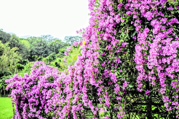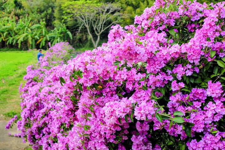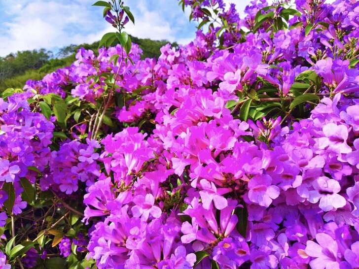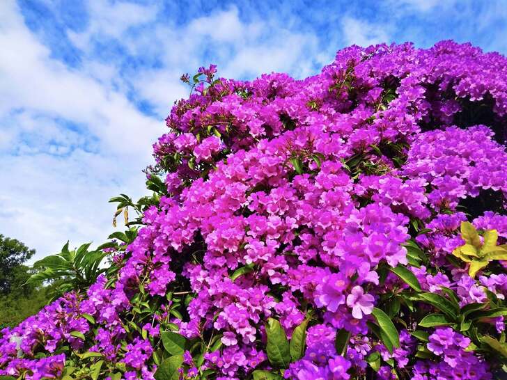 蒜香藤因花、葉搓揉聞起來有蒜香味而得名,可愛花形也被稱作「紫鈴藤」,其花期一向短暫,因此在花期來臨前就要密切注意,一旦知道開花了,要把握一週內盡快前往賞花及取景,否則只能看到蒜香藤花毯了。
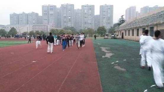 早训第一天,全体学院领导、辅导员和班主任到达田径场组织学生训练,学生参训率达99%。
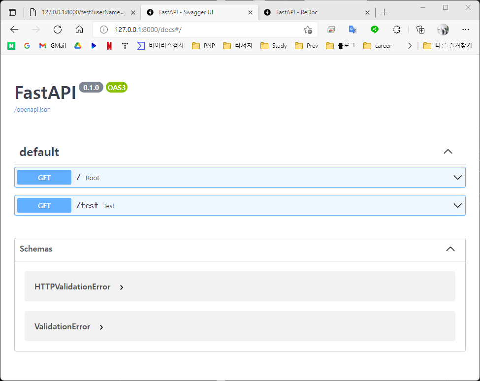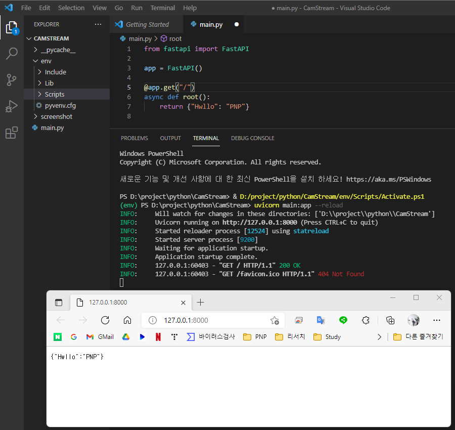 아래 간단한 예제를 통하여 fastAPI 서버를 테스트하였다.
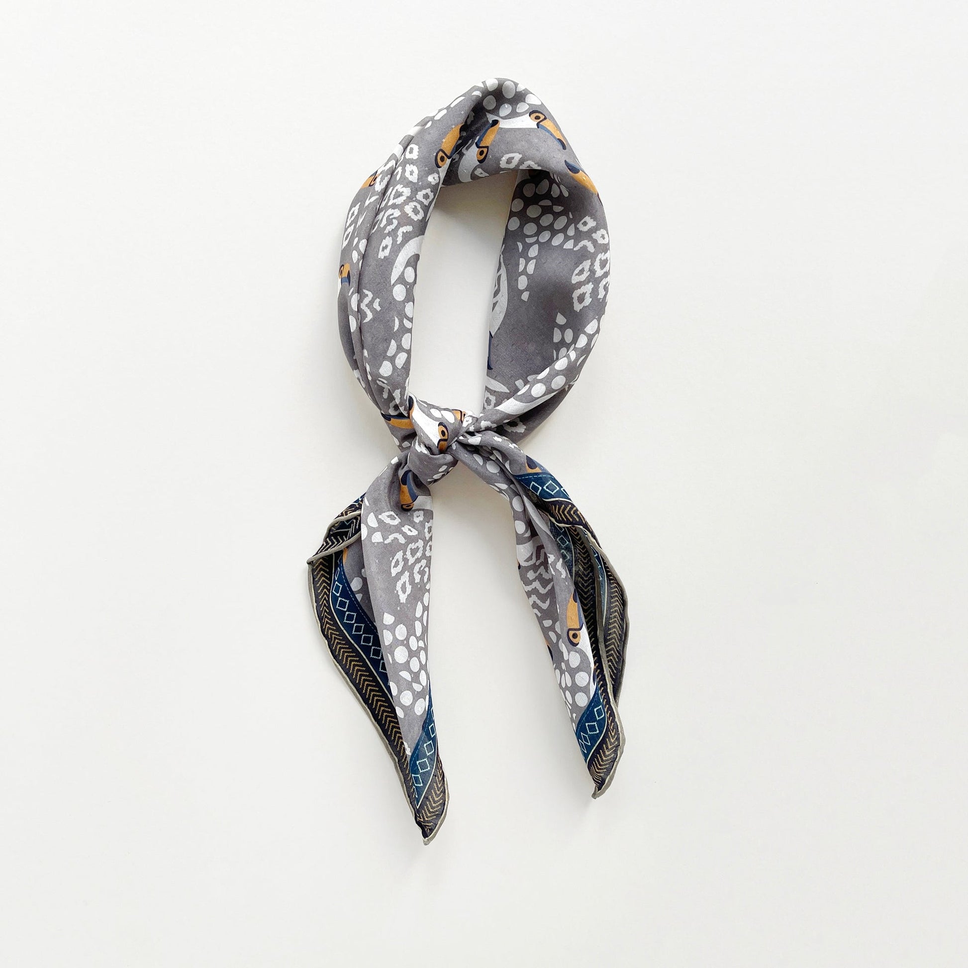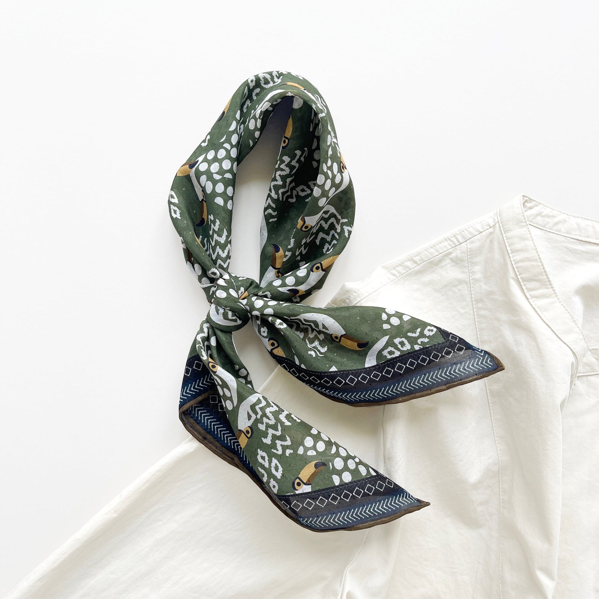 Amazon Toucan Organic Cotton-Silk Scarf - 65cm Hand-Rolled Unisex Square Bandana

* * *

PROBLEM DESCRIPTION: Retype all the material word for word while skipping any picture it contains.

ANSWER SECTION:
 蒜香藤因花、葉搓揉聞起來有蒜香味而得名,可愛花形也被稱作「紫鈴藤」,其花期一向短暫,因此在花期來臨前就要密切注意,一旦知道開花了,要把握一週內盡快前往賞花及取景,否則只能看到蒜香藤花毯了。
 早训第一天,全体学院领导、辅导员和班主任到达田径场组织学生训练,学生参训率达99%。
 아래 간단한 예제를 통하여 fastAPI 서버를 테스트하였다.
 Amazon Toucan Organic Cotton-Silk Scarf - 65cm Hand-Rolled Unisex Square Bandana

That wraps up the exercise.